Modern businesses have intricate data networks that connect information such as customer behavior to marketing campaigns or fraud detection. But in order to make useful AI predictions on the data, the web of data connections often has to be unraveled. A new Stanford-born startup says it has a solution that uses a new class of artificial intelligence to solve this problem.
Kumo on Thursday announced itself to the world with $18.5 million in Series A funding that it hopes will help make the software of choice for AI prediction in the “modern data stack.” ‘, a set of cloud computing tools for storing and using large amounts of files. Sequoia Capital led the round with a valuation of $100 million; other participants came from Ron Conways SV Angel and his son Ronny Conways A Capital.
The Mountain View, California-based startup was launched four months ago by founders Vanja Josifovski (formerly chief technology officer at Pinterest and Airbnb’s Homes business), Hema Raghavan (a former LinkedIn technical director), and Stanford professor Jure Leskovec , who also previously worked there, founded Pinterest’s chief scientist. The company is the result of five years of academic research conducted by a Stanford team with Leskovec in collaboration with the German University of Dortmund. They focused on an emerging form of AI dubbed Graph Neural Networks, which approaches machine learning by treating data as if it were a complex graph network. Older forms of neural networks have become good for “structured data” tasks such as image recognition or speech recognition, but are hampered by data with unordered connections.
The research led to the development of PyG, an open-source tool for learning graph neural networks that was first introduced five years ago. Meanwhile, the founders of Kumo implemented the technology on Pinterest and LinkedIn. “LinkedIn is like a big graph,” as Josifovski, the CEO, puts it, before claiming that neural graph networks “have the potential to revolutionize machine learning in much the same way deep learning revolutionized language.”
But while big tech companies have the resources and manpower to build these tools with in-house teams, most companies can’t do the same.

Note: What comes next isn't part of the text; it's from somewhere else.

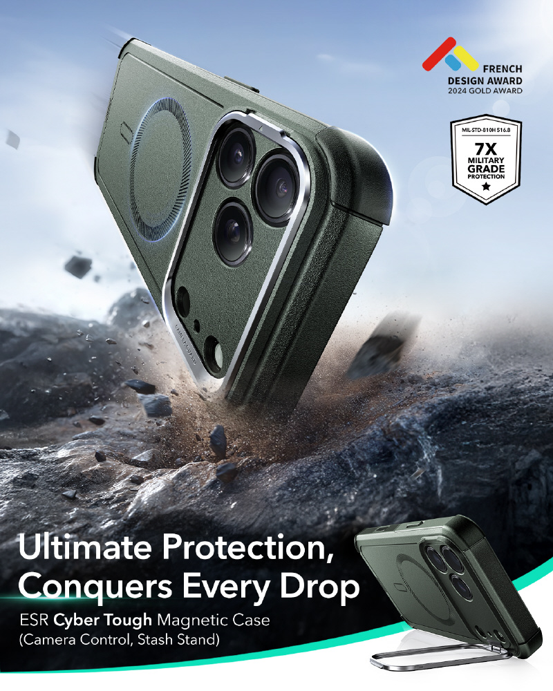 iPhone 17 Pro (6.3インチ)MagSafe対応、隠れスタンド付き、3層構造衝撃吸収ハイブリッドケース オリーブグリーン 1A88100401-Olive Green
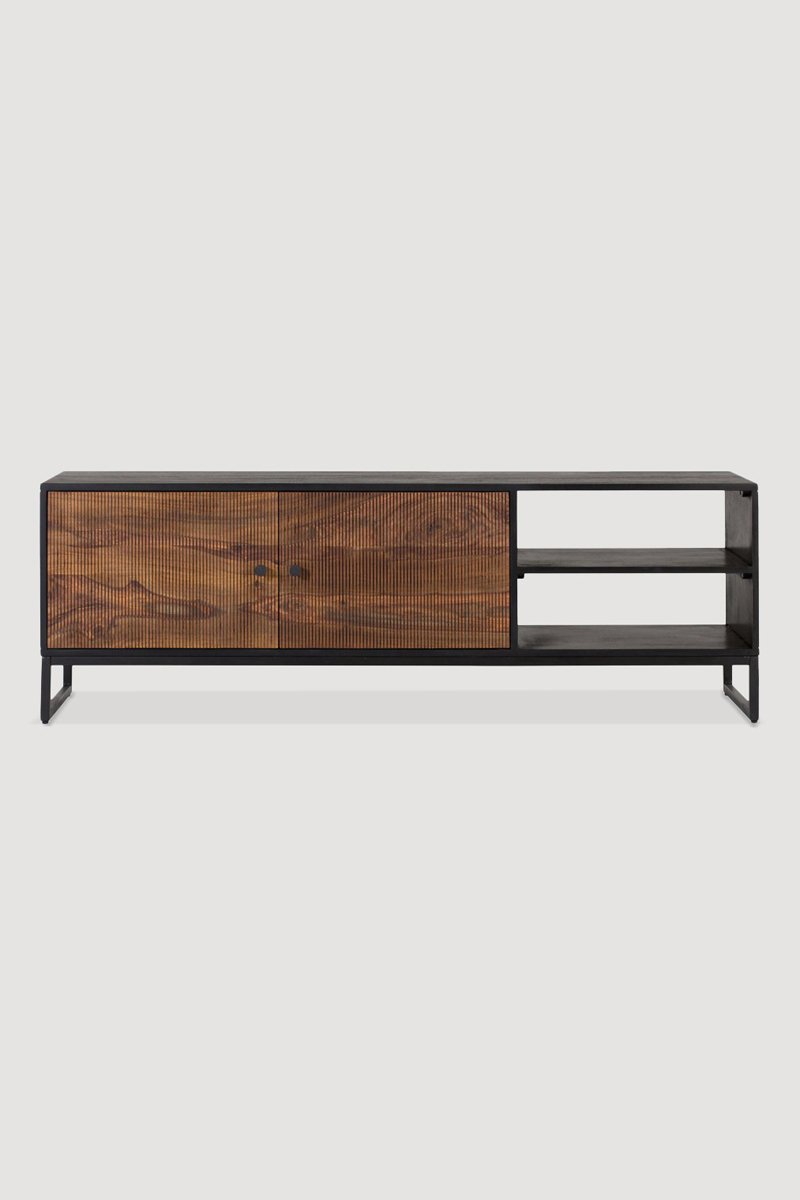 Meuble TV 2 portes en bois de rose et manguier - 50 x 150 x 40 cm

This is where Kumo comes into play. The company’s software leverages PyG’s technology as the foundation of its software, which helps customers more easily create complex predictive models from their business data. “Today you can find out how many customers have churned after 30 days,” says Josifovski. “Kumo aims to provide the same functionality for the future – for the next 30 days.” Kumo’s product is primarily designed for data analysts and data scientists, and according to Josifovski, it should also be usable for non-technical employees. “Every company has trouble hiring data scientists,” he says. “If we’re able to package in a consumer-centric way, it’s going to have a profound impact on the computing world.”
Kumo will use the funds raised to expand product capabilities and continue to focus on research and development. The startup currently employs more than 20 people, most of them engineers from the Stanford-Dortmund network with expertise in graph neural networks. But so far, the startup hasn’t generated any significant revenue. The subscription-based product is in beta testing and will be used by “select customers,” Josifovski says, though he won’t name names and has no timeline for when the product will be available in stores. According to Konstantine Buhler, the Sequoia partner who led the financing, Kumo sought clients among the largest public market companies. “There’s a sucking sound here,” he says. “The market wants that.”
Still, Kumo will have a tall order to bring neural graph networks into the mainstream. Multi-billion dollar companies like Databricks, DataRobot and Dataiku have already built lucrative businesses with different approaches to data science. According to Josifovski, Kumo solves similar problems as some of these companies. “But we intend to make machine learning an order of magnitude easier,” he says. “We’re basically trying to skip the current state of AI and make current methods obsolete.”